→ **Information shown**
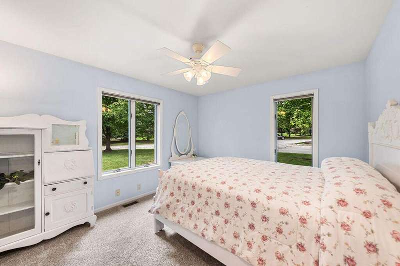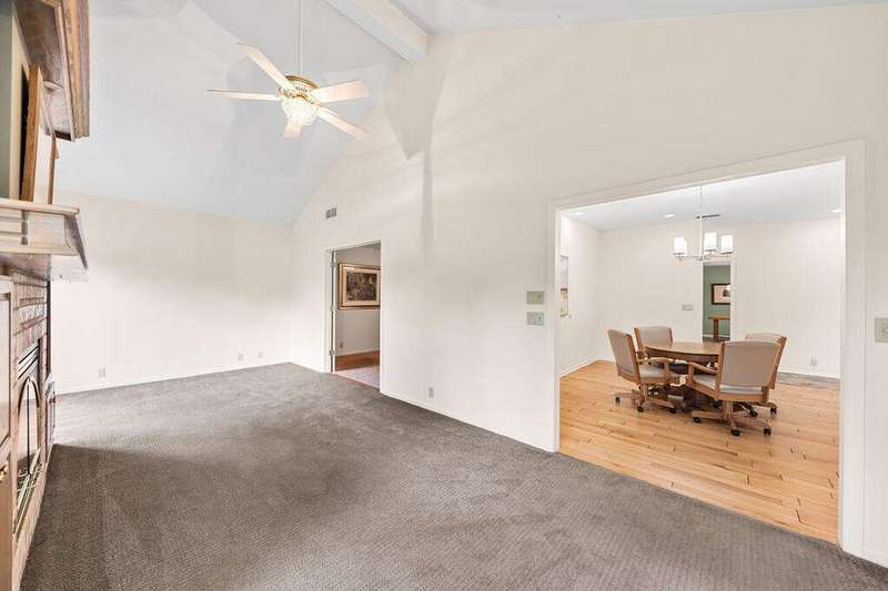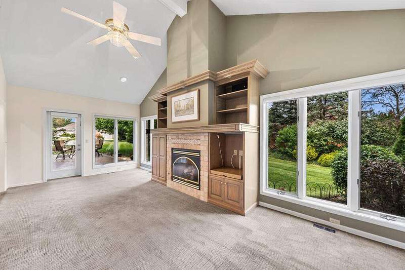 Discover comfort and convenience in this stunning paired villa on a quiet cul-de-sac, set on over a third of an acre, in sought-after Quail Ridge. Offering 4 bedrooms and 3 baths with nearly 2,800 sq ft of beautifully designed living space, this home combines style with low maintenance living-lawn care, landscaping and snow removal are all included! The light-filled entry with skylight leads into soaring ceilings, expansive windows and a flexible great room with wood plank flooring. Enjoy the inviting family room with fireplace and walkout to the deck overlooking the private backyard. The main-floor primary suite features glass doors with blackout shades, a spa-inspired bath with dual sinks, tiled walk-in shower and a spacious walk-in closet. This split ranch design offers two additional main floor bedrooms (one currently an office with built-ins) with a full bath between. The eat-in kitchen boasts quartz counters, white cabinetry with many pull-outs, stainless appliances and tile backsplash. A convenient laundry completes main level. Upstairs you'll find a private bonus suite with large closet, 3/4 bath, storage area, and even a sauna! With its flexible floor plan, abundant natural light, and prime location, this Quail Ridge villa truly offers main-floor living at its finest! Conveniently located on north side of Valparaiso near Valparaiso Country Club, YMCA, shops, restaurants, parks and schools. Just minutes from downtown Valparaiso.
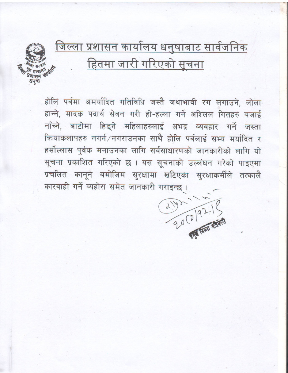 जिल्ला प्रशासन कार्यालय धनुषाबाट सार्वजनिक हितमा जारी गरिएको सूचना
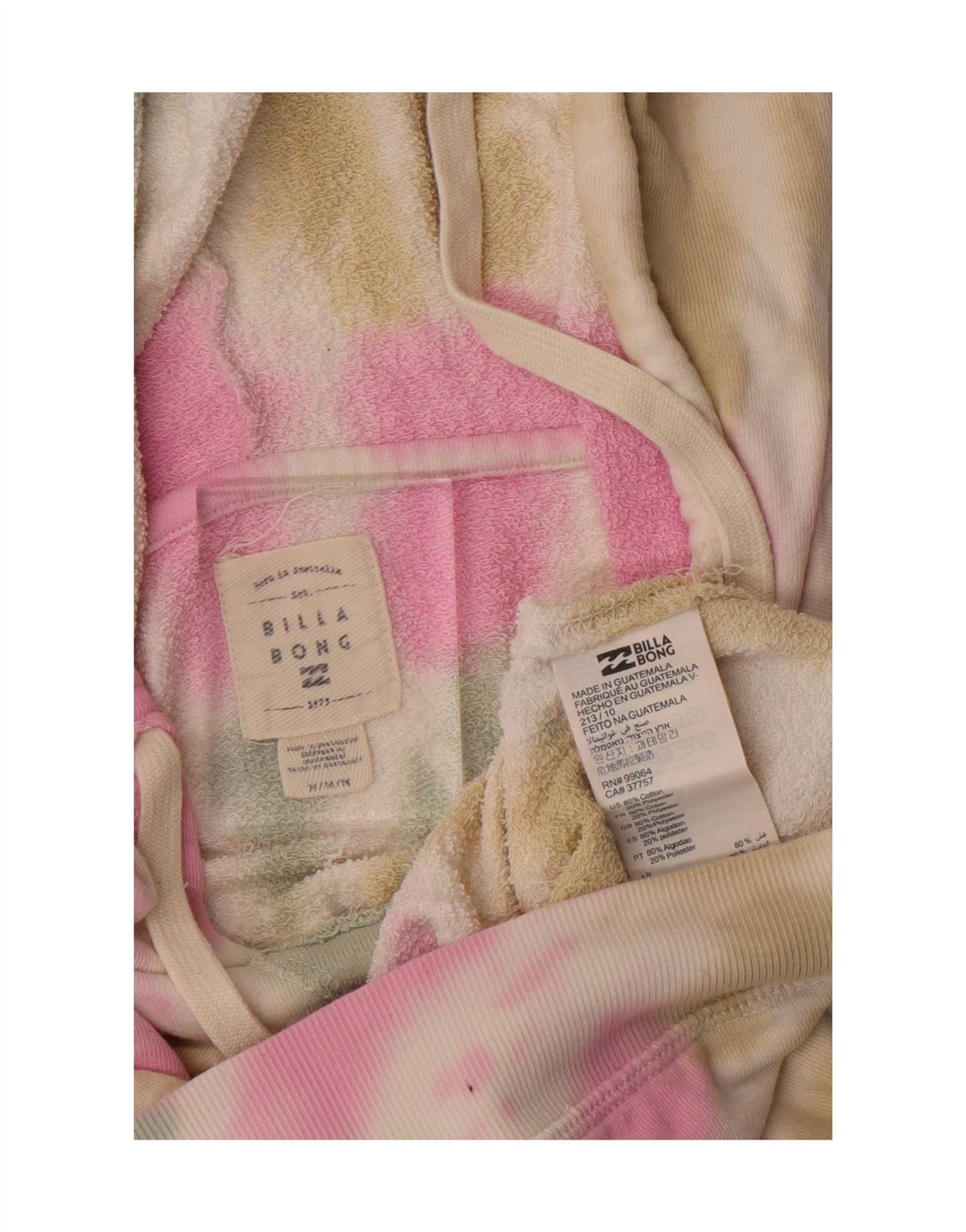 - AI Description: This Billabong women’s hoodie jumper features a tie-dye pattern on soft fleece. A hooded neckline and long sleeves add to its cosy, casual style. The pullover closure and regular fit ensure comfortable wear. The multicoloured design brings a vibrant, hippie-chic vibe. Perfect for relaxed, everyday wear.
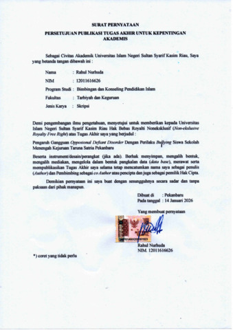 RAHUL NURHUDA (2026) PENGARUH GANGGUAN OPPOSIONAL DEFIANT DISORDER DENGAN PERILAKU BULLYING SISWA SMK TARUNA SATRIA PEKANBARU. Skripsi thesis, UNIVERSITAS ISLAM NEGERI SULTAN SYARIF KASIM RIAU.

→ **Task to complete**
Down to the last line, print the material exactly, but not its pictures.

→ **Result for this task**
 Discover comfort and convenience in this stunning paired villa on a quiet cul-de-sac, set on over a third of an acre, in sought-after Quail Ridge. Offering 4 bedrooms and 3 baths with nearly 2,800 sq ft of beautifully designed living space, this home combines style with low maintenance living-lawn care, landscaping and snow removal are all included! The light-filled entry with skylight leads into soaring ceilings, expansive windows and a flexible great room with wood plank flooring. Enjoy the inviting family room with fireplace and walkout to the deck overlooking the private backyard. The main-floor primary suite features glass doors with blackout shades, a spa-inspired bath with dual sinks, tiled walk-in shower and a spacious walk-in closet. This split ranch design offers two additional main floor bedrooms (one currently an office with built-ins) with a full bath between. The eat-in kitchen boasts quartz counters, white cabinetry with many pull-outs, stainless appliances and tile backsplash. A convenient laundry completes main level. Upstairs you'll find a private bonus suite with large closet, 3/4 bath, storage area, and even a sauna! With its flexible floor plan, abundant natural light, and prime location, this Quail Ridge villa truly offers main-floor living at its finest! Conveniently located on north side of Valparaiso near Valparaiso Country Club, YMCA, shops, restaurants, parks and schools. Just minutes from downtown Valparaiso.
 जिल्ला प्रशासन कार्यालय धनुषाबाट सार्वजनिक हितमा जारी गरिएको सूचना
 - AI Description: This Billabong women’s hoodie jumper features a tie-dye pattern on soft fleece. A hooded neckline and long sleeves add to its cosy, casual style. The pullover closure and regular fit ensure comfortable wear. The multicoloured design brings a vibrant, hippie-chic vibe. Perfect for relaxed, everyday wear.
 RAHUL NURHUDA (2026) PENGARUH GANGGUAN OPPOSIONAL DEFIANT DISORDER DENGAN PERILAKU BULLYING SISWA SMK TARUNA SATRIA PEKANBARU. Skripsi thesis, UNIVERSITAS ISLAM NEGERI SULTAN SYARIF KASIM RIAU.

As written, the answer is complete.